Academy Learning Blog

It’s a Brave New “Test-Optional” World...

Some of us, especially the “standardized testing challenged”, remember well that anxiety-inducing rite of passage called the SAT .  If you’re now finding your senior in your shoes, you may both take heart with one silver lining of having an entire calendar year of high school disrupted. A growing number of schools, with the likes of Harvard, Cornell, and all of the UC’s, are waiving standardized testing requirements for 2021 applicants. Use this link to see if your child’s college choices are among the 241 top-ranked test-optional or test-blind schools.

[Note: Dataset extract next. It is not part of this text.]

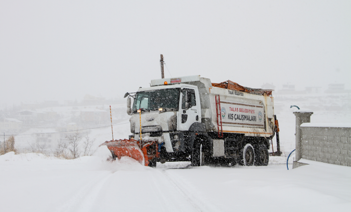Başta ilçenin yüksek kesimlerindeki kırsal mahalleler olmak üzere Talas’ın tüm yollarında kar temizleme ve tuzlama çalışması yapan ekipler, ulaşımının aksamaması için aralıksız olarak faaliyetlerine devam ediyor.

Test-optional colleges will likely become much more common as the coronavirus pandemic (fingers crossed) is now waning. Our higher institutions are recognizing how distance learning (however much our educators have pulled off an amazing feat in front of those screens) has left our college-bound students unprepared to take this test. New admissions policies have been created, and for students with less desirable SAT/ACT scores, this means a sigh of relief.  This certainly still leaves our learners to be held accountable for their academic preparation, of course, as these colleges are looking instead to essays, portfolios, and other demonstrations of academic potential to take the place of standardized test scores.  There may also still be placement exams that an individual institution requires. For example, the University of California system’s 10 schools could still develop its own admissions test. 

There are actually now over a thousand colleges across the US that have changed an approach dependent on standardized test scores. Regardless of a pandemic, test optional policies have already been a growing trend in admissions guidelines. The easing of test requirements comes as education reform groups, such as the nonprofit National Center for Fair and Open Testing, have already been critics of the SAT and ACT even before these newly revised admissions policies. The University of California system vote last May seems to be in line with this thinking, as they also plan to phase out the SAT/ACT admissions requirement over the next four years.